Influenza Prevention

Goldsboro Pediatrics > Newsroom > Influenza Prevention

David Hill, MD, MSPH1Megan A Moreno, MD, MSEd, MPH2

JAMA Pediatr. Published online November 25, 2019. doi:https://doi.org/10.1001/jamapediatrics.2019.4646

Every year, between 10% and 40% of children get influenza, usually between November and March, but no season is completely safe.

Even the luckiest of these children often miss days of school, require physician visits, and experience complications such as middle ear infections, sinusitis, and pneumonia. Influenza is the cause of hospitalizations of 7000 infants and 26 000 toddlers each year; childhood deaths from influenza number from 46 to 288 annually. There are steps you can take to protect your child from influenza and its complications.

Some children face an especially high risk of serious complications from influenza. Infants and toddlers younger than 2 years as well as children with asthma, other forms of lung diseases, heart conditions, conditions that affect the brain or nervous system, obesity, and those receiving aspirin therapy or medicines to suppress the immune system are at high risk. Around half of children hospitalized with influenza are completely healthy with no risk factors at all.

The flu vaccine is the single most effective way to prevent influenza. That does not mean that other measures are not worthwhile. Avoiding people with sickness, diligent handwashing, sleeping well, reducing stress, and having a healthy diet have all been shown to reduce people’s risk of getting sick, but all of these efforts together cannot match the power of the flu vaccine.

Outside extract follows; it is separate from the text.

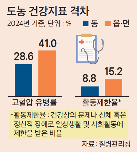 µµ³ó°£ °Ç° ¼öÁØÀÇ Â÷ÀÌ´Â ¶Ñ·ÇÇÏ°Ô ³ªÅ¸³´Ù. Áúº´°ü¸®Ã»ÀÇ ¡®2024 ±¹¹Î°Ç°Åë°è¡¯¿¡ µû¸£¸é ÁÖ°üÀû °Ç° ÀÎÁöÀ²Àº µµ½ÃÁö¿ª(µ¿)ÀÌ 33.8%Áö¸¸, ³óÃÌÁö¿ª(À¾¡¤¸é)Àº 29.1%·Î ³·¾Ò´Ù. °íÇ÷¾Ð À¯º´·üµµ µµ½Ã 28.6%¿¡ ºñÇØ ³óÃÌÀÌ 41.0%·Î Å©°Ô ³ô¾Ò´Ù. °Ç°¹®Á¦³ª ½Åü¡¤Á¤½ÅÀû Àå¾Ö·Î ÀÏ»ó»ýȰÀ̳ª »çȸȰµ¿¿¡ Á¦¾à¹Þ´Â ºñÀ²À» ¶æÇϴ Ȱµ¿Á¦ÇÑÀ² ¿ª½Ã ³óÃÌ(15.2%)ÀÌ µµ½Ã(8.8%)º¸´Ù µÎ¹è °¡±îÀÌ ³ô¾Ò´Ù.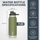 Introducing the 34oz ESCAPE Insulated Stainless Steel Water Bottle! You’ll never go thirsty on your next outdoor adventure with this premium quality water bottle; perfect for camping, hiking, sports, and more. Developed from the leading brands on the market such as any Water Bottle Stainless Steel, you can trust you are getting top-of-the-line quality with Durable 18/food grade stainless steel construction which offers superior temperature retention and an unrivaled durability that is ideal for everyday use. Take your hydration needs anywhere you go; from the gym to work or while exploring nature. This large water bottle provides a large capacity – 34oz – of cold liquid so you can keep hydrated all day long while Reusable construction means no need to worry about single-use plastic waste or constantly repurchasing separate cups. A slim design fits comfortably in most cup holders or saddle bags so you don’t have to sacrifice convenience. Your drink will remain ice cold for up to hours or piping hot up to hours without any condensation due to a leak proof double wall construction, significantly reducing sweat and heat loss. When it comes time to clean up this water cup it's easy: elements like BPA Free Drinkware and Dishwasher Safe Construction makes cleanup a breeze while still protecting against damage or corrosion. Buy now and get your ESCAPE Insulated Stainless Steel Water Bottle today! Let's go! PREMIUM MATERIAL: Crafted from high-quality 18/8 food-grade stainless steel, ensuring both durability and a stylish look. Made for sports, gym, and outdoor activities. This 1 liter (34 oz) metallic water bottle will keep you moving. WIDE-MOUTH DESIGN: allows for easy ice insertion, easy to clean, sweatproof, and dishwasher safe. It also ensures no spills and leak proof, making it perfect for your everyday activities. BPA-FREE and ECO-FRIENDLY: Manufactured BPA-Free, making it safe for both you and the environment. Choosing this reusable water bottle is a healthy and eco-conscious decision. SPORTS INSULATED PERFORMANCE: With its ability to keep drinks hot or cold for hours, keeping them hot for up to 12 hours, cold for 24 hours & icy water for 36 hours. It's perfect for hot summer days and chilly winter outings. SATISFACTION GUARANTEE: This is a high-quality water bottle with no straw, perfect for your everyday routine and even a memorable gift! Which is better than an ESCAPE 34 oz (1L) water bottle that can also be the perfect gift for gym lovers and your closest loved ones?

Around one-third of parents in 2018 chose not to vaccinate their children against influenza, often because of misinformation. Some parents do not vaccinate because they think the vaccine can cause influenza. The flu shot (inactivated influenza vaccine [IIV]) is made of tiny pieces of the flu virus and cannot cause flu any more than a steering wheel and a tailpipe can drive down the street. The nasal spray vaccine (live attenuated influenza virus [LAIV]) can cause mild flu symptoms, but no one has to use this vaccine unless they choose to.

It is true that the flu vaccine is not 100% effective. In most years, the vaccine prevents between 50% and 90% of flu infections and a bit less for children younger than 2 years. However, not vaccinating for this reason is like not wearing seat belts because they do not prevent 100% of motor vehicle injuries.

Some parents worry about adverse reactions from the vaccine. Like any vaccine, the flu vaccine can cause fever and fussiness in some children and, in rare cases, patients can have an allergic reaction. We now know that people with egg allergies can receive the flu vaccine safely. The live attenuated influenza virus should not be given to children with suppressed immune systems. However, compared with getting the flu, adverse reactions from the vaccine are minimal.

Everyone aged 6 months and older should receive a flu vaccine every flu season. Because the flu virus is constantly changing, prior years’ vaccines provide little protection against this season’s flu. Mothers who receive the flu vaccine during pregnancy can protect infants from getting the flu once they are born. Up to age 8 years, children need 2 doses of flu vaccine the very first time they get it. After that, or starting at age 9 years, they need only 1 dose a year.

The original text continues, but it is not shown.